*ASSIGNED TASK*.
Lines from the beginning of the material below through the line that has "호반그룹이 집중호우로 큰" are to be reproduced exactly, but pictures are not.

--------------------

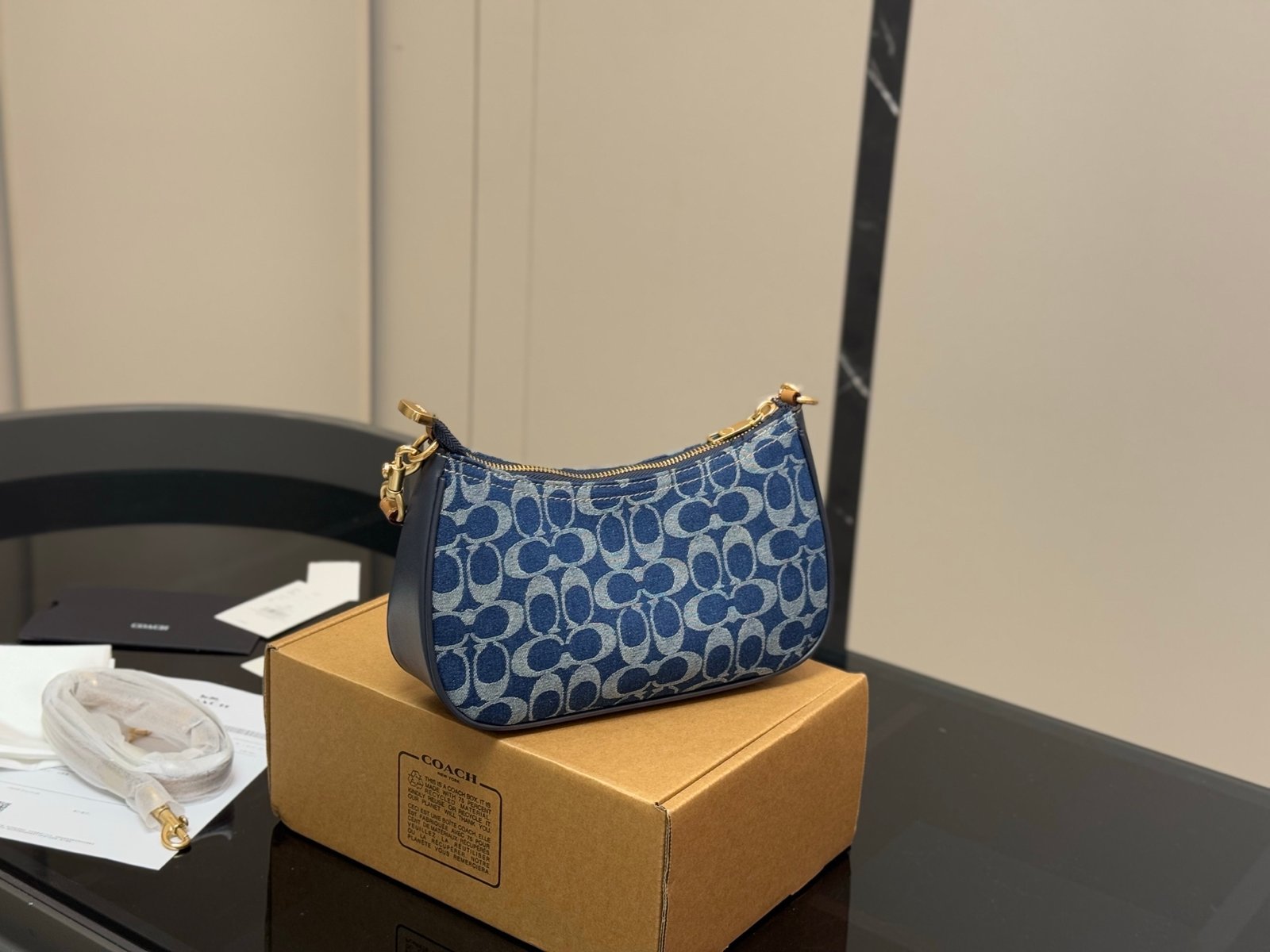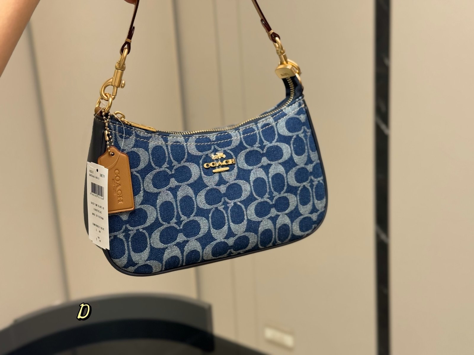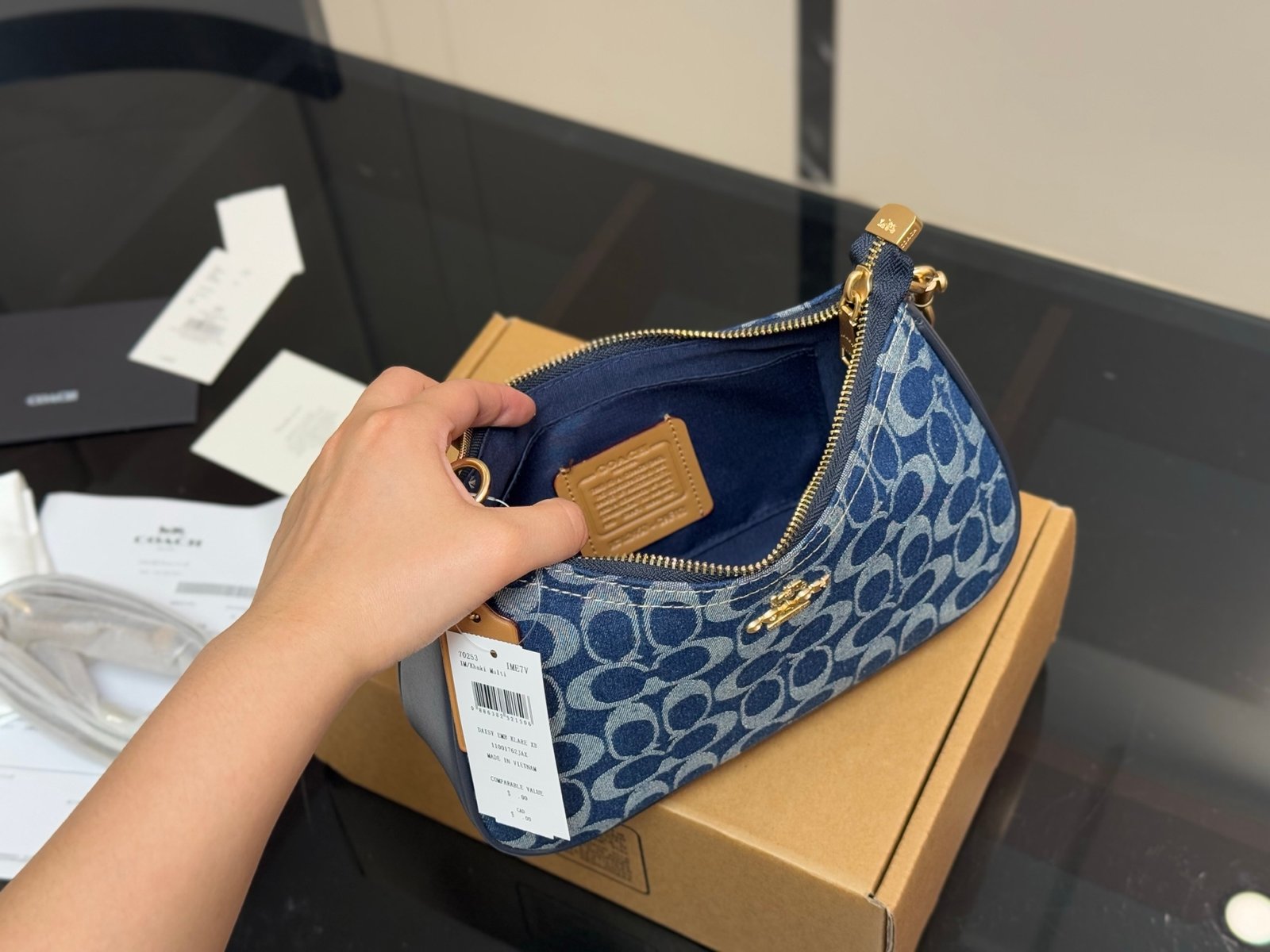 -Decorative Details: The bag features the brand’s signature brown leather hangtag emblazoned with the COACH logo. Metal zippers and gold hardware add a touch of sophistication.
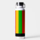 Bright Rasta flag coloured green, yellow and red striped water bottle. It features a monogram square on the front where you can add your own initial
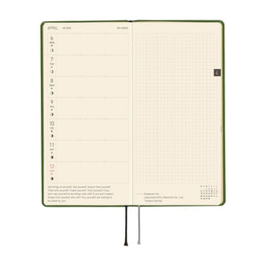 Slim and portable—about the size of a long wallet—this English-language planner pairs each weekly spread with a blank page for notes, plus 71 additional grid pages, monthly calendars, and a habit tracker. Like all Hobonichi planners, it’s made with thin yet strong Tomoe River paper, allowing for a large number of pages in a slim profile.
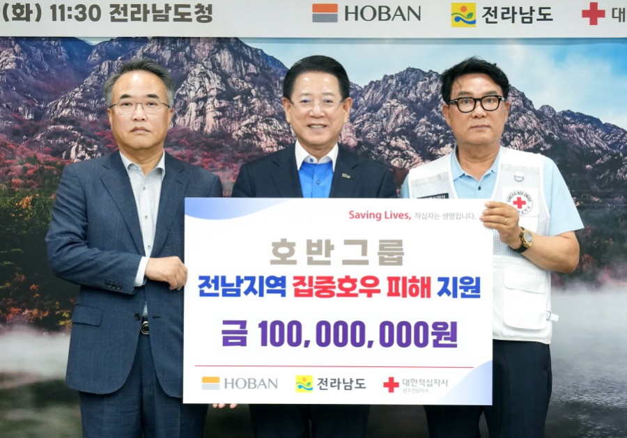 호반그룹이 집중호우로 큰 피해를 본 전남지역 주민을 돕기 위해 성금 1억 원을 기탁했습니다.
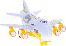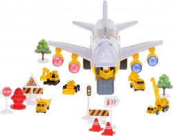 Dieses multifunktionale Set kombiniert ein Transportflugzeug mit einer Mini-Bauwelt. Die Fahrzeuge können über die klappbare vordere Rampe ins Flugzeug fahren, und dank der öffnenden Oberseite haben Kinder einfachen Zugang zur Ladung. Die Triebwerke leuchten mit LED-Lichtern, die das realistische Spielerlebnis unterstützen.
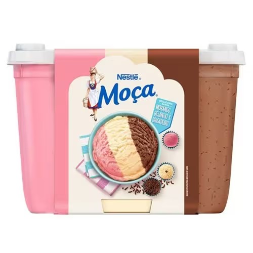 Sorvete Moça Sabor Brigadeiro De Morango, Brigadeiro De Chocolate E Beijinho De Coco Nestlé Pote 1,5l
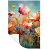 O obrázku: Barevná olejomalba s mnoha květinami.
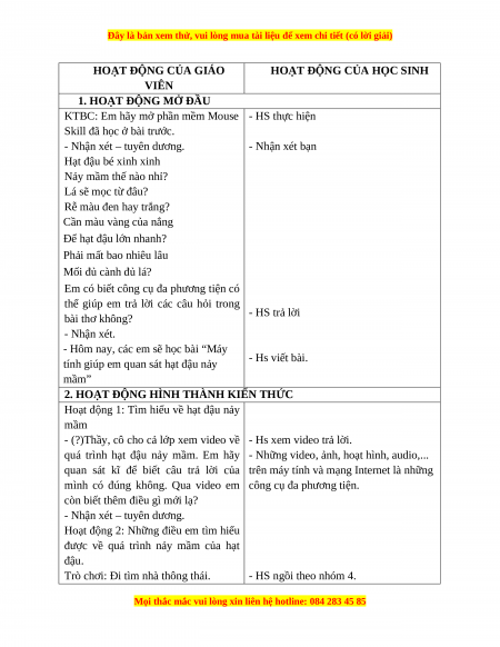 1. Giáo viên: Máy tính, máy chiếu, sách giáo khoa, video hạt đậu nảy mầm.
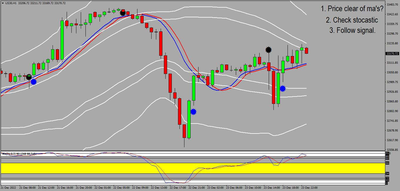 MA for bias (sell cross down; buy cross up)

--------------------

*EXERCISE RESPONSE*.
 -Decorative Details: The bag features the brand’s signature brown leather hangtag emblazoned with the COACH logo. Metal zippers and gold hardware add a touch of sophistication.
 Bright Rasta flag coloured green, yellow and red striped water bottle. It features a monogram square on the front where you can add your own initial
 Slim and portable—about the size of a long wallet—this English-language planner pairs each weekly spread with a blank page for notes, plus 71 additional grid pages, monthly calendars, and a habit tracker. Like all Hobonichi planners, it’s made with thin yet strong Tomoe River paper, allowing for a large number of pages in a slim profile.
 호반그룹이 집중호우로 큰 피해를 본 전남지역 주민을 돕기 위해 성금 1억 원을 기탁했습니다.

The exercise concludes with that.